I was visiting a small Irish town for one day. In the late afternoon I was making to see the sights of the town. It was a small straightforward town and there was not much historical to see. I ended up at a tiny church, surrounded by a small graveyard. It was very simple, with only few stones without any decorations or flowers. Only the inscriptions on the grave stones told little stories.

One of these stories touched me very much. On the stone there were three first names with the same last names, where the day and year of birth were identical to the day of death. All this in the 90s of the last century. I was standing still in front of the stone and could feel the sorrow of the mother. It was a very touching feeling. Probably I had been standing there for a long while because all of a sudden I heard a voice.

An old lady asked me whether I am part of the family. I negated but said that there can be hardly anything worse in life than losing three own children. I did not expect an answer but very quiet she said: “There are worse things in life.”

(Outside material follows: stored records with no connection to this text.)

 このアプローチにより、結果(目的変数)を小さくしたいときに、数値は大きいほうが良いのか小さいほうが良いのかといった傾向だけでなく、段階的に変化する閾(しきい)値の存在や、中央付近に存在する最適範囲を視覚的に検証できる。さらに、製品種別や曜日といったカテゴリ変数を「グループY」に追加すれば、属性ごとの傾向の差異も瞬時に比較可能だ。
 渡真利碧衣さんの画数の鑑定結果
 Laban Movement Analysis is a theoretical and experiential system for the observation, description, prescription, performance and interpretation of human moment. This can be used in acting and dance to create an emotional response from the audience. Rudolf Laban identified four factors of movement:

I looked at her with astonishment. She was small and petite, about 70 years old, a nice elderly lady.

She told me her story and while listening to her story I got goose bumps.

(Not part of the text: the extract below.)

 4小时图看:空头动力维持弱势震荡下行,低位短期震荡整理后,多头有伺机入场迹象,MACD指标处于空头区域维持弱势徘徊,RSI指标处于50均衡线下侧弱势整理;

Her four siblings all live in this small town. She does not have any contact to them and it happens regularly that whenever she meets any of her siblings on the street, her slightly younger brothers and sisters change the side of the road. She is unmarried and single. Her doom was that she was sired five months before her parents got married. Immediately after her birth her parents gave her to an orphan’s home in order to wash them of the guilt of premarital sex. Her parents never ever visited her, never showed any interest in how she is doing. She was rejected from her family as if she were the guilty one. The entire family was very much ashamed of her. She continued telling that the years in the home were very bad, perhaps worse than death because often she was hungry, got beaten and sexually abused. But the worst was the feeling to be unwanted. She said she never in her life learnt what love means.

I felt queasy and unwell. But she appeared so calm and at ease with herself that it was clear to me that I would not have to worry about her.

I know for a long time that life is unfair. But I am time and again surprised how perfidious a human can harm another human being.